Сандрик очень рассердился. И дважды дернул отца за рукав рубахи — тот нес пиджак через руку, подкладкой наружу, но не из-за температуры, а от скромности.

— Папа, надень пиджак!

Папа послушно надел пиджак, зазвеневший четырьмя медалями лауреата Сталинской премии. Чекист улыбнулся и взял под козырек.

Должен признаться. Несмотря на то что я всем врал в подъезде и классе, что видел Сталина, я, как ни старался, так и не смог его разглядеть на мавзолее.

Что ж скрывать: в моем детстве — у меня — было два бога: Сталин и Пушкин.
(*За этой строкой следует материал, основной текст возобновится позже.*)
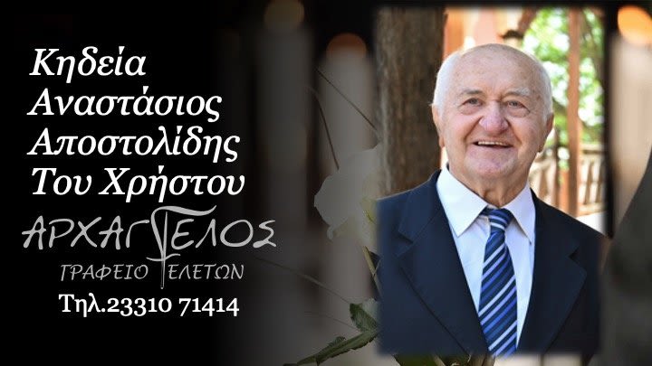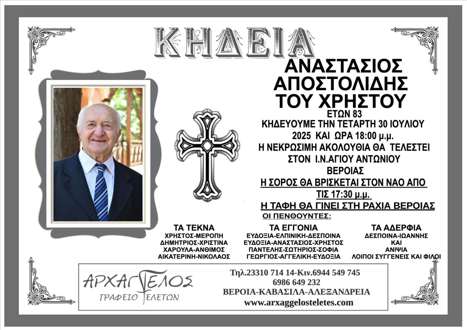 Έφυγε από τη ζωή και κηδεύεται την Τετάρτη 30 Ιουλίου 2025 στις 6.00 μ.μ. από τον Ιερό Ναό Αγίου Αντωνίου Βέροιας ο Αναστάσιος Αποστολίδης του Χρήστου σε ηλικία 83 ετών.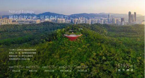 深业上城“缝合城市”创新理念,斥巨资打造两座生态廊桥,步行10分钟直通莲花山、笔架山、中心公园,纵享约4700亩城市绿肺,让城市与自然从容交汇。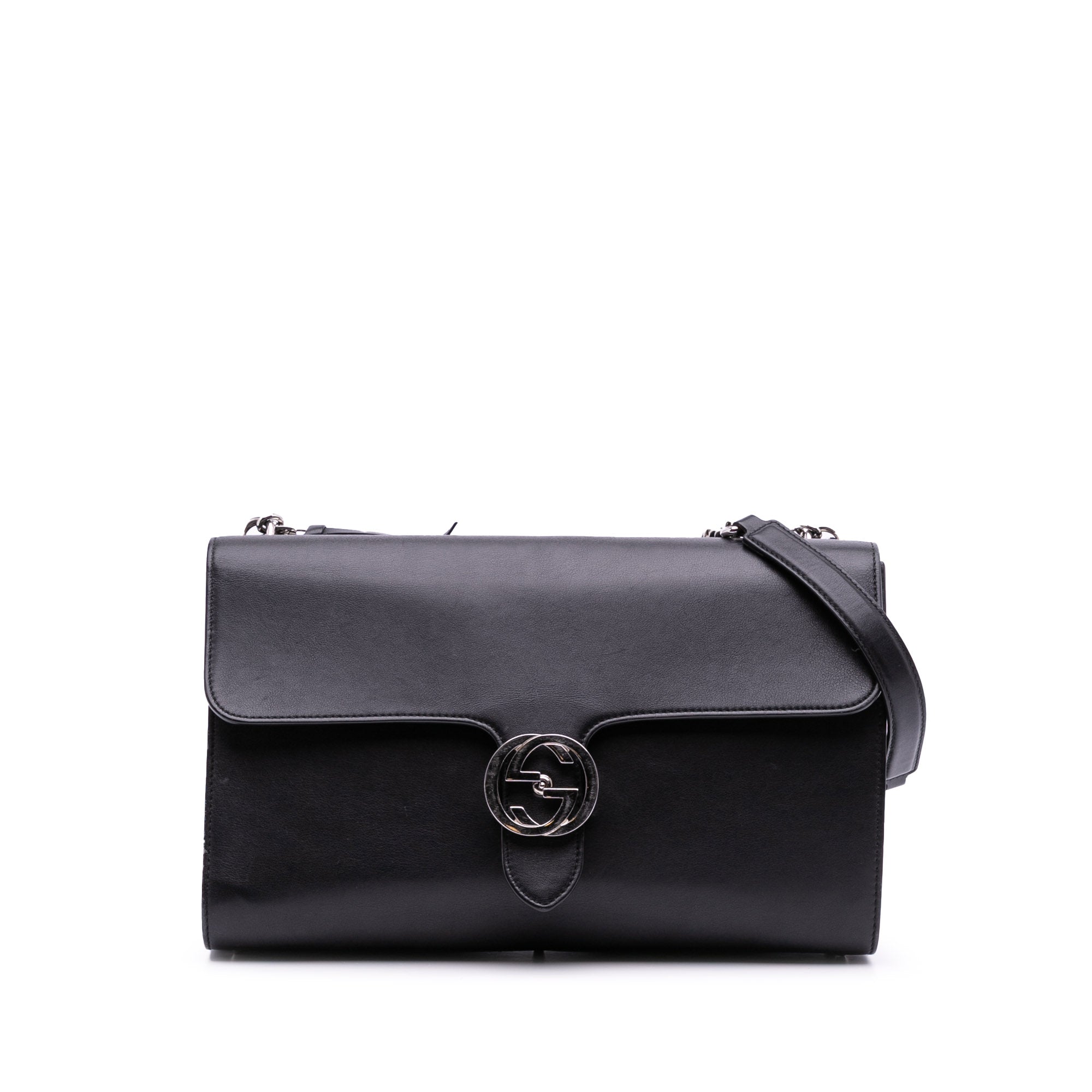 Black Gucci Medium Leather Dollar Interlocking G Crossbody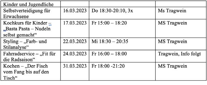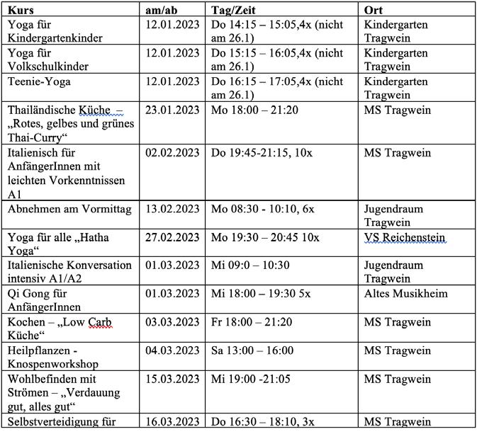 Anmeldung und Information: Mag.a Lucia Gusenbauer Tel: 0676 84 55 00 329 | Mail: tragwein@vhsooe.at Das gesamte Kursprogramm finden Sie auch online unter www.vhsooe.at und auch im Tragweiner Veranstaltungskalender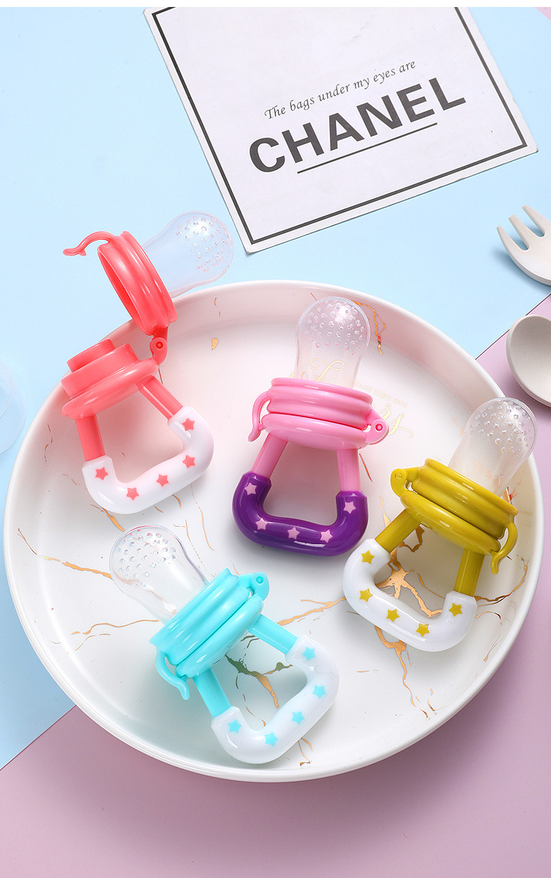 Fabricante directo para bebés silicona mordida mordida le bolsas de frutas suplementarias calmar goma dental mordida estrella mordida le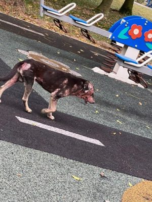 一只流浪狗疑被不明人士泼热水,导致它全身严重烫伤至皮肤溃烂,头部毛囊和毛根相信被烫伤坏死,无法长出新毛发,非常可怜。
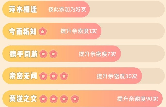 与好友进行下列任意一项活动,即可获得一个亲密点数。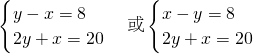 分析:设腰长为ycm,底边长为xcm,根据两边的差是8cm建立方程y-x=8或x-y=8,由周长为20cm得2y+x=20建立两个方程组求出其解即可.
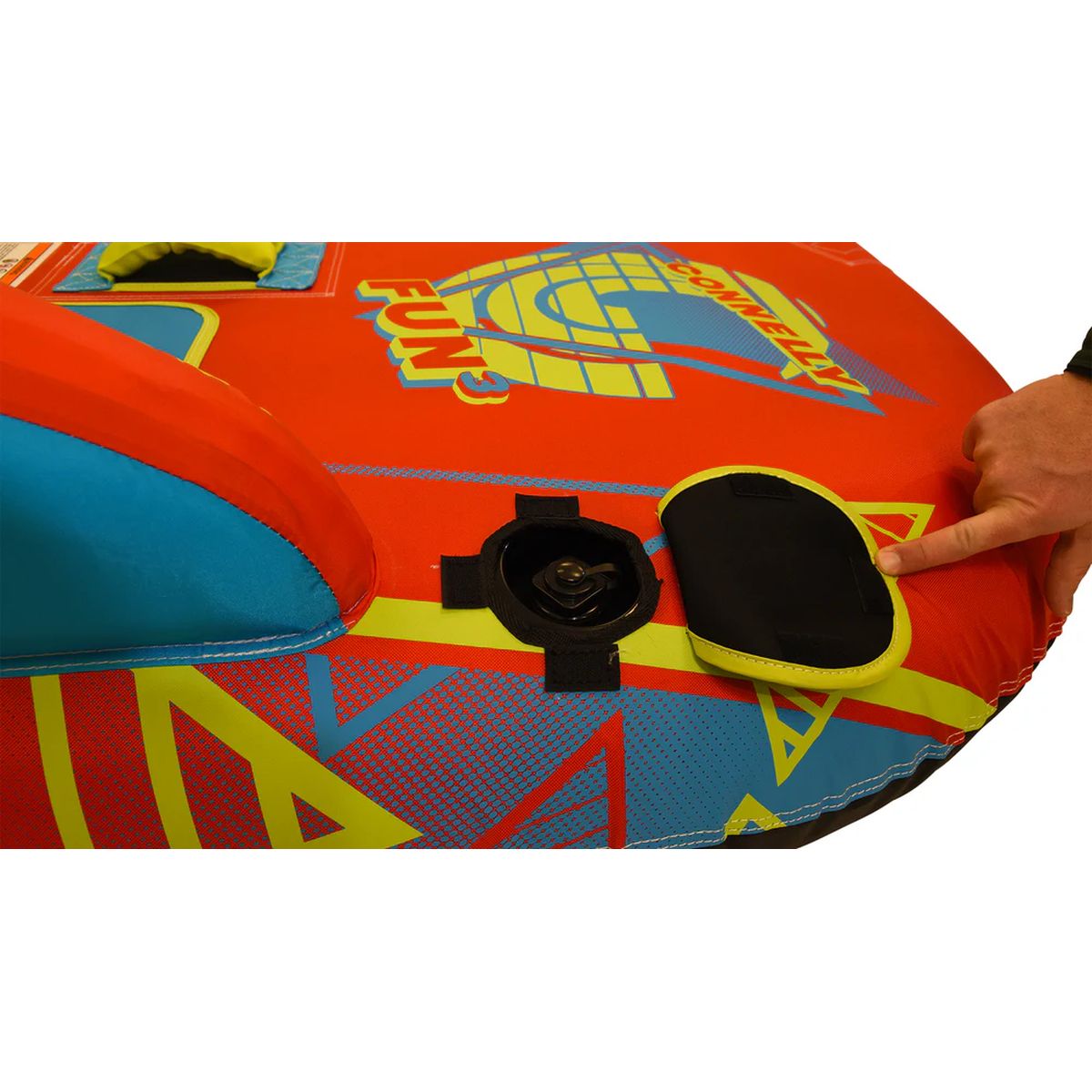 Constructed from durable 420D nylon with a heavy-duty internal bladder, the Fun 3 is built to withstand regular use while providing a secure and comfortable ride. Each rider has soft EVA seat padding for extra comfort, while multiple fully padded handles with knuckle guards and grab straps enhance safety. The mesh drain bottom efficiently sheds water, keeping the tube light and responsive behind the boat. Quick inflation and deflation are made simple with the Boston valve, and a peel-and-stick repair kit is included for convenience. Backed by a 1-year warranty, the Connelly Fun 3 Towable Boat Tube combines durability, versatility, and comfort for endless hours of water fun.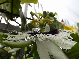 パッションフルーツ 花が2個咲いていたので、人工授粉する。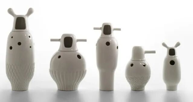 而西班牙设计师Jaime Hayon笃定地抛开花与花艺,将热闹童真、缤纷有趣的幻想灌入花瓶,于是,便有了它们——
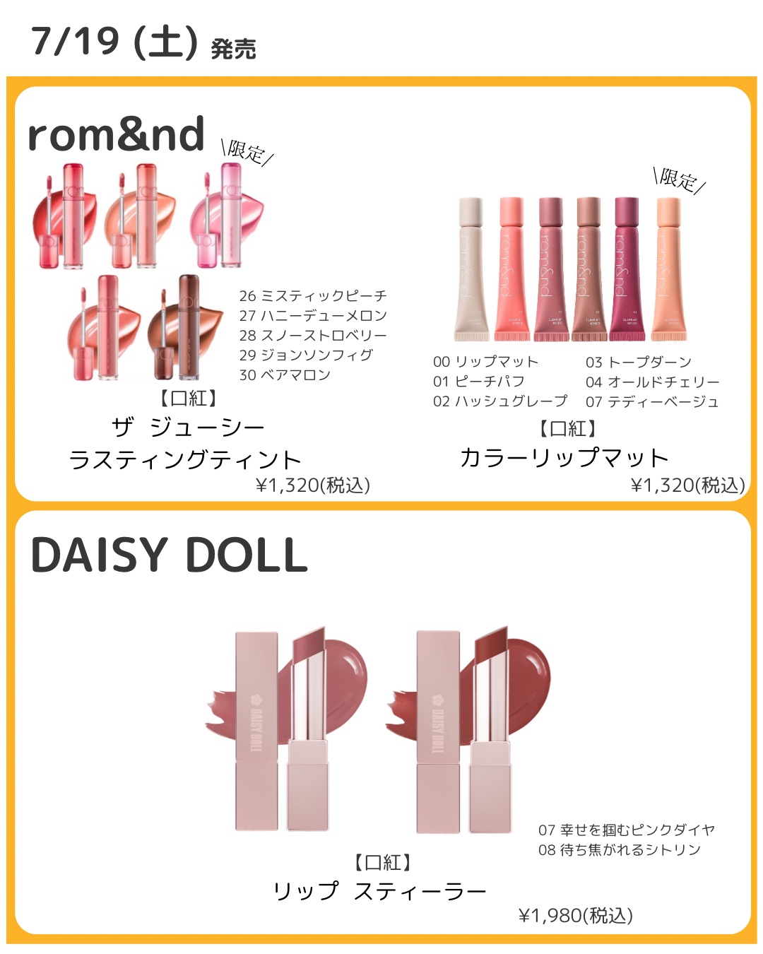 rom&nd ゼロマットリップスティック | 1,320円 |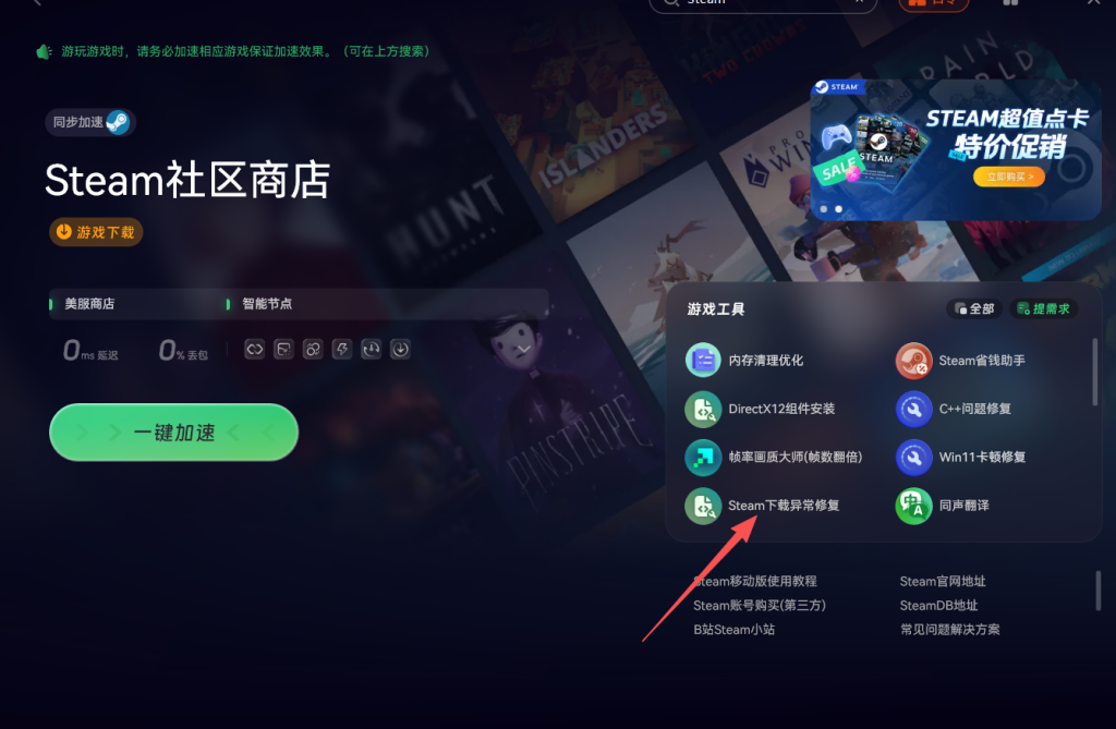 如果上述方法仍无法解决问题,玩家还可以使用奇游加速工具的Steam平台修复工具。自动检测并修复Steam商店可能存在的各类问题,包括无法登录、页面加载失败等,帮助玩家快速恢复正常的购物体验。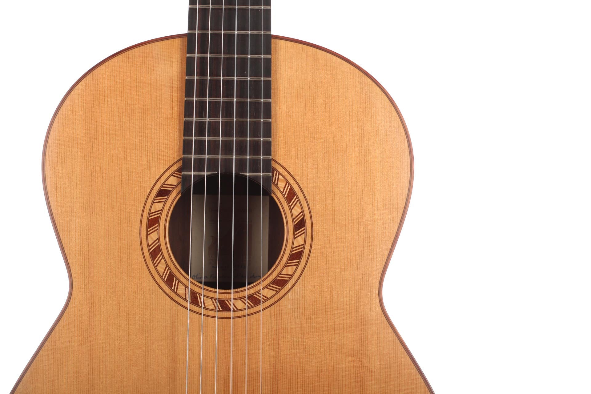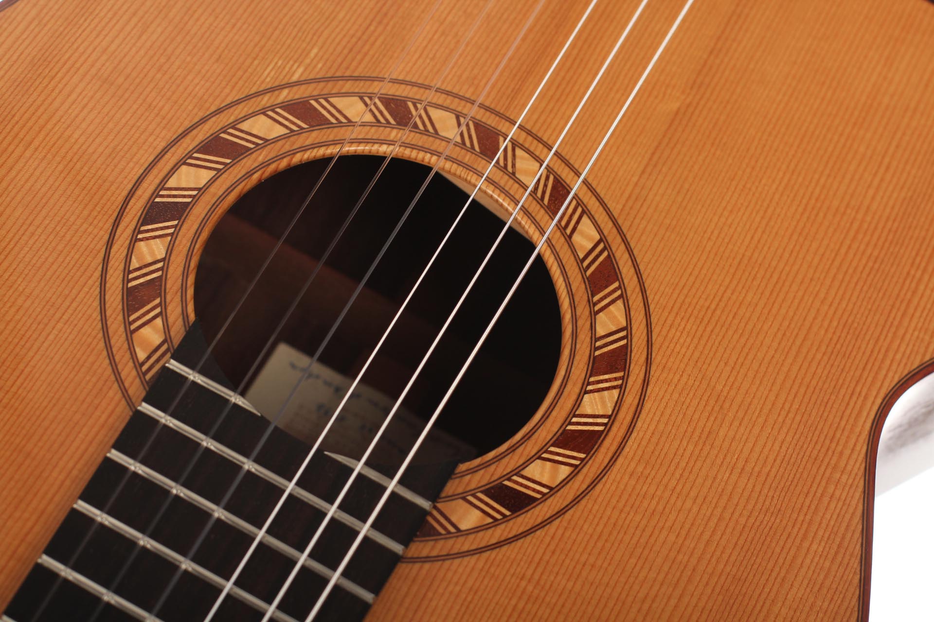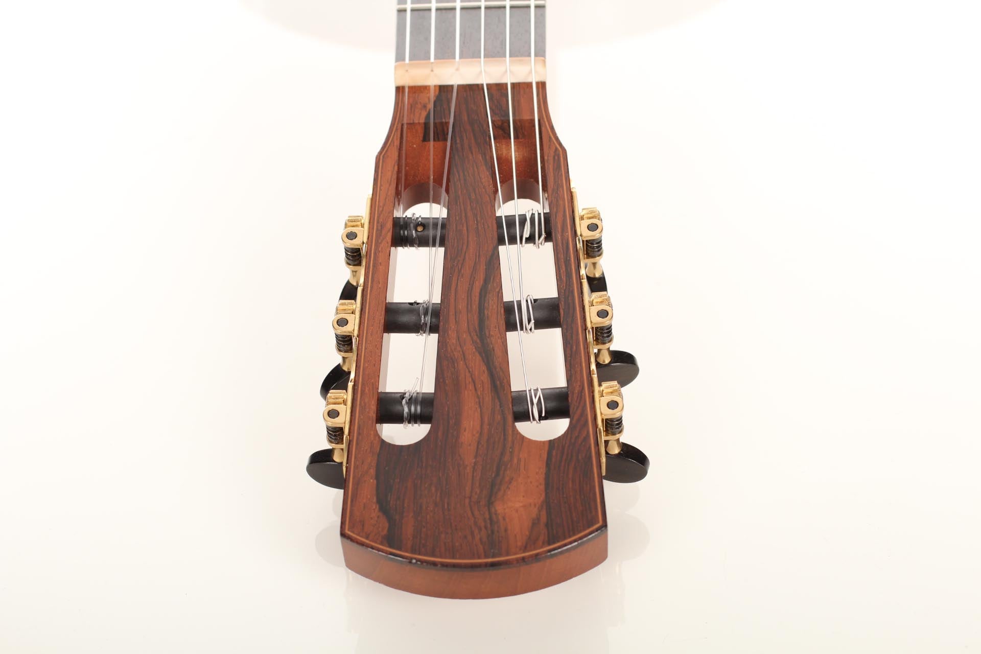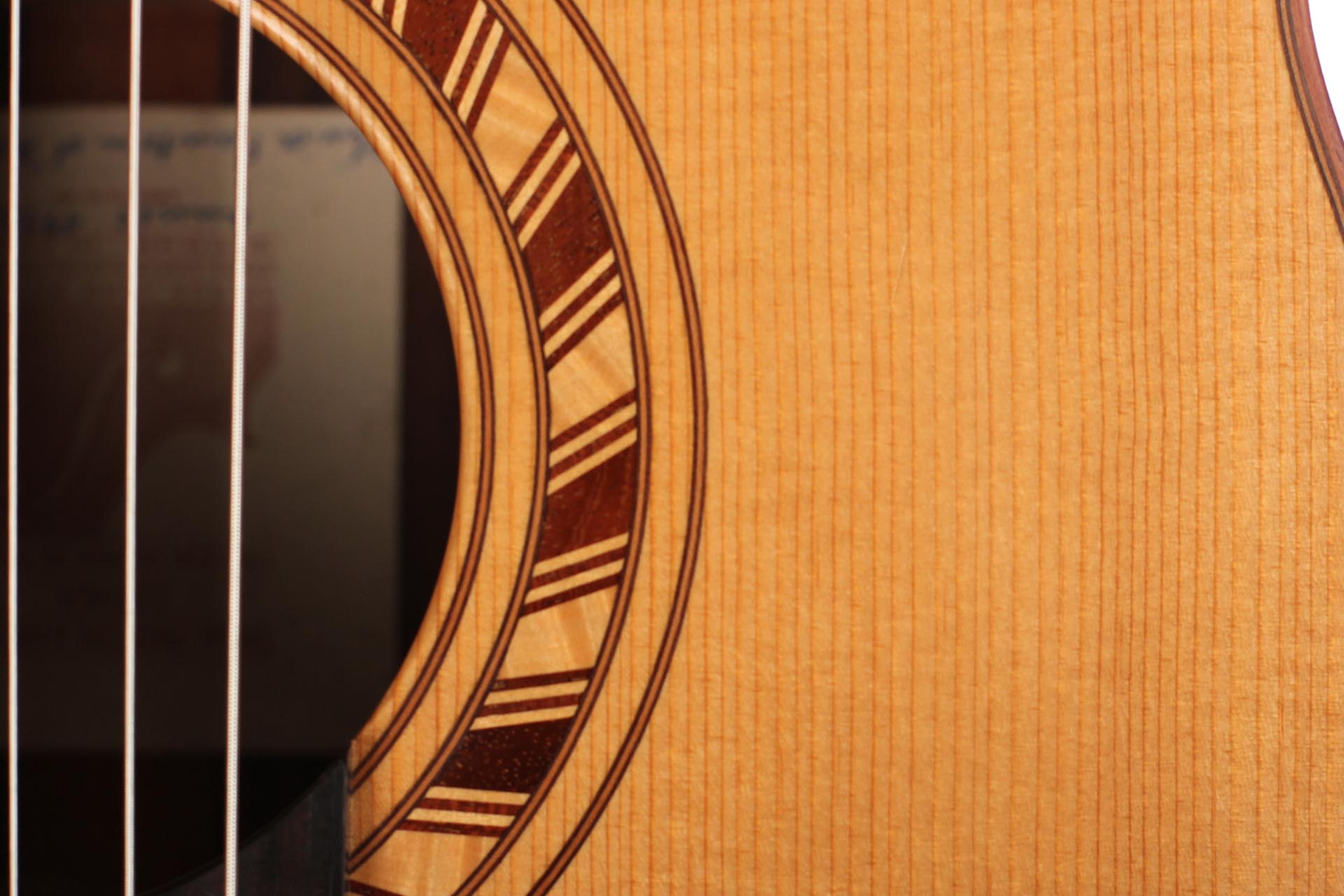 This guitar from 1998 has a modern appearance regarding the two-colored rosette and the form of the headstock. The arched top is made of spruce, back and side are Indian Rosewood. The binding, the headstock and the tuning pegs are especially beautiful. The sound is balanced with concise trebles and pleasantly warm mids and basses. The instrument shows signs of playing and spots of abrasion in the finish. The high-quality tuners are made by Rubner. A hard-shell case is included.

И молитвы им были — мои: поэту — чтение его стихов, существующих для меня тогда только в красоте и в звуке, но не в своих смыслах и тайнах, вождю — ночные красочные игры в полусне — фантазии, сближавшие меня с ним — великим, производившие меня в его любимца и соратника.

Позже в сценарии “Деревенский футбол 49 года, или Ожидание” возникла такая фраза у самого первого Сашки, обиженного на брата и всех взрослых:

— Товарищ Сталин! Что же они со мной делают?

Ну а к кому еще обратиться за помощью? Пушкин умер, как следовало из цифр под его портретиком на тетрадной обложке: 1837–1937. А Бога ведь еще не было.

“Вместо сотворения полноценного романного мира, населенного вымышленными героями, она пытается создать «вторую действительность»”.
Эмили Ван Баскирк о Лидии Гинзбург

Тринадцатилетний Сашка в центре второй действительности. В которой неожиданно и дико — в сознании или подсознании — соединяются похороны Пушкина и похороны Сталина. В которой нет границ между Сашкиным Эльсинором и Ереваном моего девятилетнего детства.

И что же — выдать все это за роман?

Не получится — кино по-прежнему держит за горло.

Кино — одновременность создаваемой реальности и кинонаблюдения над ней. В этом принципиальное расхождение кинематографа с литературой, где одновременности воссоздания реальности и ее — зримого — воплощения в слове нет и быть не может.

Наброски из ненаписанного романа

Тем временем два юных ангела беспрепятственно входят в город. Те самые, что явились в Содоме. Вообще, служба у них такая. Предупреждать о грядущих катастрофах и нашествиях. Опасная, между прочим, служба.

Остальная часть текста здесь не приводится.